-- Opening Marker --
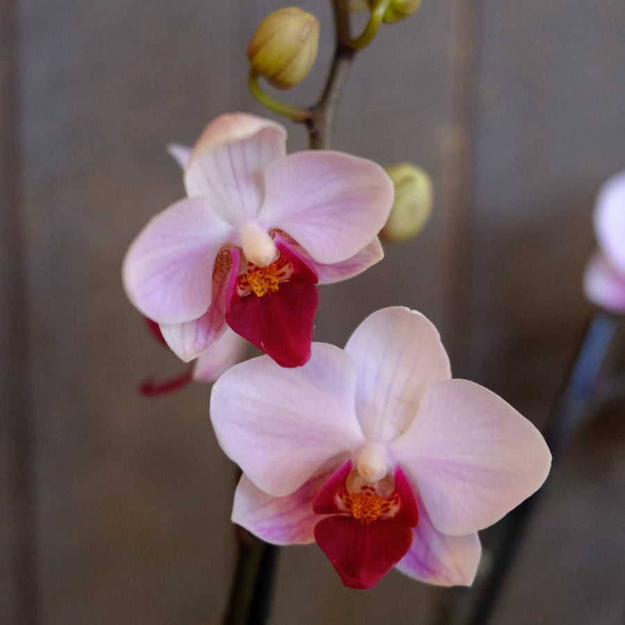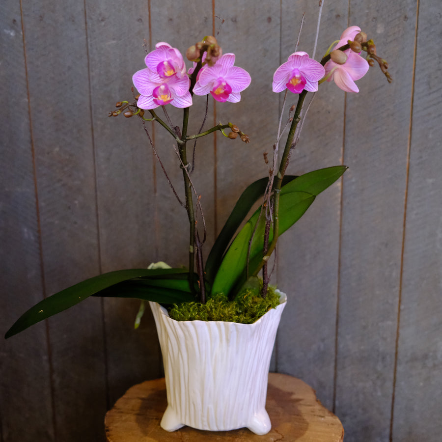 This miniature phalaenopsis orchid has double stems for even more blooms and is sure to add a pop of color on an office desk or in a home window. Each orchid has its own unique color pattern and comes in various shades of pink, fuscia, purple, and yellow.
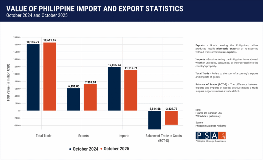 The Philippines’ trade deficit narrowed to USD 3.83 billion (PHP 225.84 billion) in October 2025, down by 34.2 percent from the USD 5.81 billion (PHP 342.57 billion) deficit in October 2024. The lower deficit was in part due to a strong export performance driven by peso depreciation in the said period.
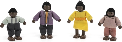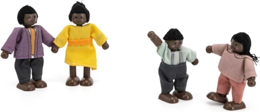 Viga houten poppenfamilie met textielen kleertjes, 4 stuks, donkere huid
-- Closing Marker --
# [INSTRUCTIONS FOR THE TASK]
What is needed is a verbatim copy of the material, minus its pictures.

# [EXERCISE RESULT]
 This miniature phalaenopsis orchid has double stems for even more blooms and is sure to add a pop of color on an office desk or in a home window. Each orchid has its own unique color pattern and comes in various shades of pink, fuscia, purple, and yellow.
 The Philippines’ trade deficit narrowed to USD 3.83 billion (PHP 225.84 billion) in October 2025, down by 34.2 percent from the USD 5.81 billion (PHP 342.57 billion) deficit in October 2024. The lower deficit was in part due to a strong export performance driven by peso depreciation in the said period.
 Viga houten poppenfamilie met textielen kleertjes, 4 stuks, donkere huid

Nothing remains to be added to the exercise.